However, quoting figures such as MIPS (millions of instructions per second) are somewhat futile, since the execution of a specific number of instructions on one processor will not necessarily accomplish the same end result as that same number of instructions running on a different processor. It's the execution speed of a given set of instructions that's of greater concern when selecting an appropriate platform to run application code.

Clearly some platforms will be more proficient than others in this regard, though this is a difficult parameter to quantify since it's dependent to a large extent upon the application code in question. Benchmarking is the technique used to measure the speed at which a particular platform is able to execute code. Indeed, this is evident in the abundance of benchmarks available.
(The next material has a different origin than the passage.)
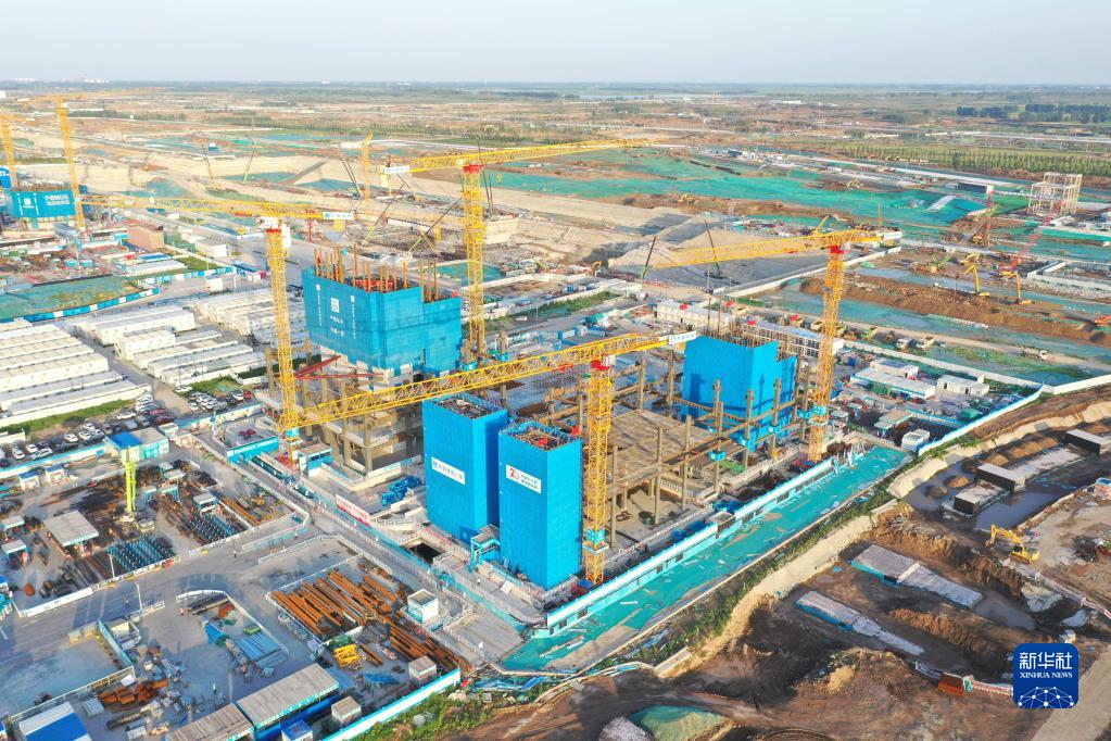 这是位于河北雄安新区启动区的中国华能总部项目(7月4日摄,无人机照片)。中国华能总部项目建成后将聚焦服务国家能源安全等重大战略,积极布局一批联合创新平台,助力雄安新区打造国家级的能源电力创新高地。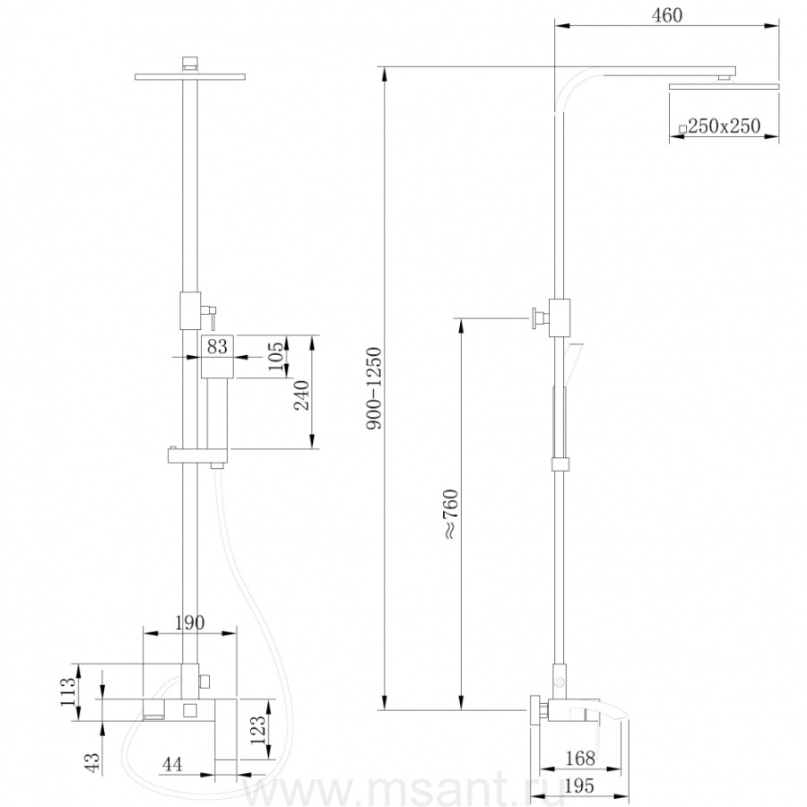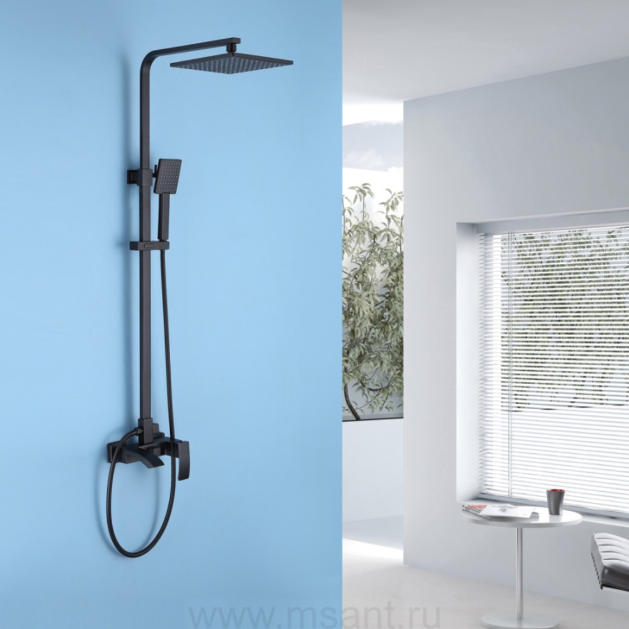 Душевая стойка ABBER Wasserfall AF8616B с изливом, черная матовая

Numerous examples of Java benchmarking are listed at http://www.epcc.ed.ac.uk/javagrande/links.html.

Benchmarks vary significantly in their complexity, but invariably they comprise a number of lines of code that, when executed on the platform being tested, generates a discrete value to use during its appraisal. This facilitates a comparison of the execution speed with similar platforms. Typically there are three types of benchmarks, which have inherited titles in accordance with their origin:

  • User
  • Manufacturer
  • Industry
User benchmarks are, as the name suggests, created by any individual with an interest in the field. Countless examples are available and characteristically they vary in quality; in the past benchmarks of this type have been very influential.

Market incentives have driven the introduction of manufacturer benchmarks; invariably these are written to benefit the platform in question and so can be disregarded unless used to facilitate the relative performance of platforms offered by that particular vendor.

Finally, the financial significance of benchmarking has resulted in the development of industry benchmarks, which are usually considered to be of high integrity. Such benchmarks are defined by an independent organization, typically composed of a panel of industry specialists.

Why Write a Paper on Java Benchmarking?
Results are published for multiple benchmarks and the primary issues can be clouded by hype; as a consequence the selections available to the end user are somewhat overwhelming. The crucial point is how well your code performs on the chosen system, so the question is: How do you identify a benchmark that best models your application? An understanding of benchmarks is vital to enable the user to select an accurate measurement tool for the platform in question and not be misled by the results.

The purpose of this article is to educate device manufacturers, OEMs, and, more specifically, J2ME development engineers, while at the same time resolving any remaining anomalies in a discipline that's commonly misunderstood.

What Is a Benchmark?
Fundamentally, a benchmark should incorporate programs that, when invoked methodically, exhaustively exercise the platform being tested. Implicit in this process is the generation of a runtime figure corresponding to the execution speed of the platform.

Benchmarks can be simplistic, comprising a sequence of simple routines executed successively to check the platform's response to standard functions (e.g., method invocation). Typically, both the overall elapsed time and that for each routine in isolation is considered; in the former case it's usual to assert a weighting coefficient to each routine that's indicative of its relevance in the more expansive context. Each routine should run for a reasonable amount of time. The issue here is an assurance that performance statistics are not lost within overheads at start-up. Benchmarks can also be more substantive; for example, processor-intensive applications can check multithreading by running several other routines simultaneously to evaluate context switching. Essentially there's no substitute for running the user's own application code on the platform in question. However, while this argument is laudable, it's beyond reasonable expectation that the platform manufacturer can implement this. To facilitate an accurate appraisal, it's vital that any standard benchmark utilized by competing manufacturers should mimic as much as possible the way the platform will ultimately be used.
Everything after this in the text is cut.